Shteinman supports Lau for Ashkenazi chief rabbi

Ovadia Yosef and Shas have yet to decide whom to back for Sephardi chief rabbi position.

AHARON LEIB SHTEINMAN 370 (photo credit: Wikimedia Commons)
AHARON LEIB SHTEINMAN 370
(photo credit: Wikimedia Commons)
Rabbi Aharon Leib Shteinman, the country’s most senior Ashkenazi haredi rabbi, has publicly backed Rabbi David Lau to be the next Ashkenazi chief rabbi of Israel.
Shteinman has instructed Degel HaTorah MKs to work toward the election of Lau, the chief rabbi of Modi’in, in the electoral committee for the chief rabbis. Degel HaTorah, part of United Torah Judaism, has three MKs, Moshe Gafni, Uri Maklev and Ya’acov Asher.
Unlike the protracted wrangling that took place for political endorsement among national religious rabbis for the position, Shteinman’s support for Lau comes after little internal competition for the rabbi’s backing.
Earlier this week, potential candidate Rabbi Yitzhak David Grossman announced he would not be running, thus paving the way for Lau’s endorsement.
Grossman would have been the preferred candidate for the haredim given his broad public appeal across the religious sectors of society, but he declined to run citing concerns for his educational and social guidance charitable network.
Lau visited Shteinman on Wednesday afternoon to receive his blessing for his candidacy.
On Tuesday, Rabbi Yaakov Shapira, the dean of the national-religious Merkaz Harav Yeshiva, also declared his candidacy for the position.
Shapira is on the conservative wing of the national-religious movement and was hoping to gain the endorsement of the haredi rabbinic leadership. Although Shteinman has now endorsed Lau, Shapira is considered close to Shas spiritual leader Rabbi Ovadia Yosef and will be hoping to gain his backing.
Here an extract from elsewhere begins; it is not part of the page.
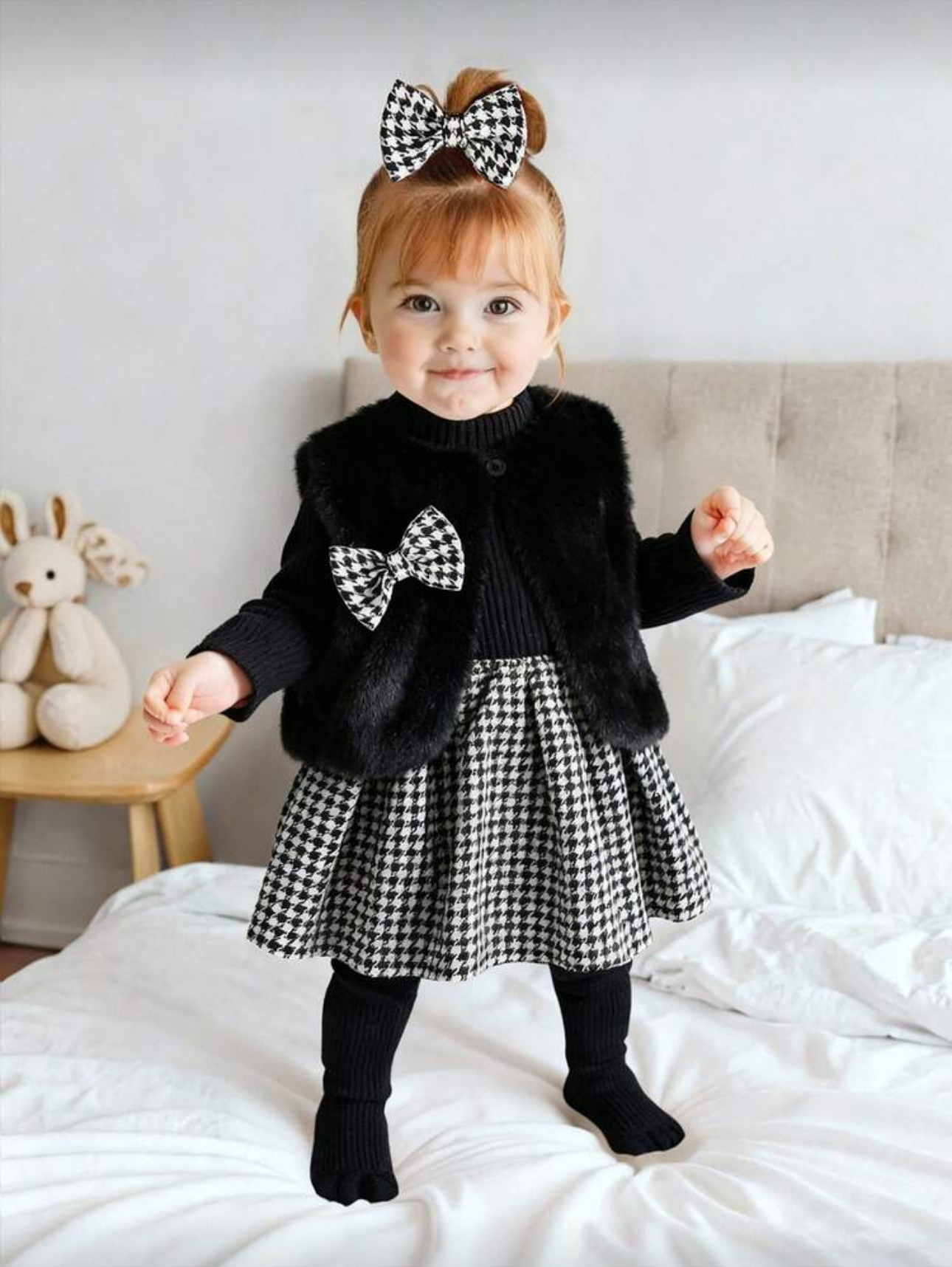 بدلة بنات تلات قطع جلد (اسود)من 2سنة الي 7سنوات

If Yosef were to endorse Shapira, it would split the haredi vote for Ashkenazi chief rabbi in the 150-member electoral committee and could assist the campaign of Shoham Chief Rabbi David Stav, the national-religious candidate.
Meanwhile, Yosef and Shas have yet to decide whom to back for the position of Sephardi chief rabbi.
Two of Yosef’s sons, Rabbi Avraham Yosef, the chief rabbi of Holon, and Rabbi Yitzhak Yosef, the author of a comprehensive work on Jewish law called Yalkut Yosef, are contending for their father’s endorsement.
A source in the Shas party told The Jerusalem Post that he believed Ovadia Yosef would most likely back Avraham as his candidate for the position for two reasons: firstly because Ovadia Yosef has already selected Yitzhak to be a candidate for the position of chief Sephardi rabbi of Jerusalem – although that process has been stuck for several years in the courts.
The Shas official said that another factor for Ovadia Yosef is that Avraham Yosef is older than Yitzhak.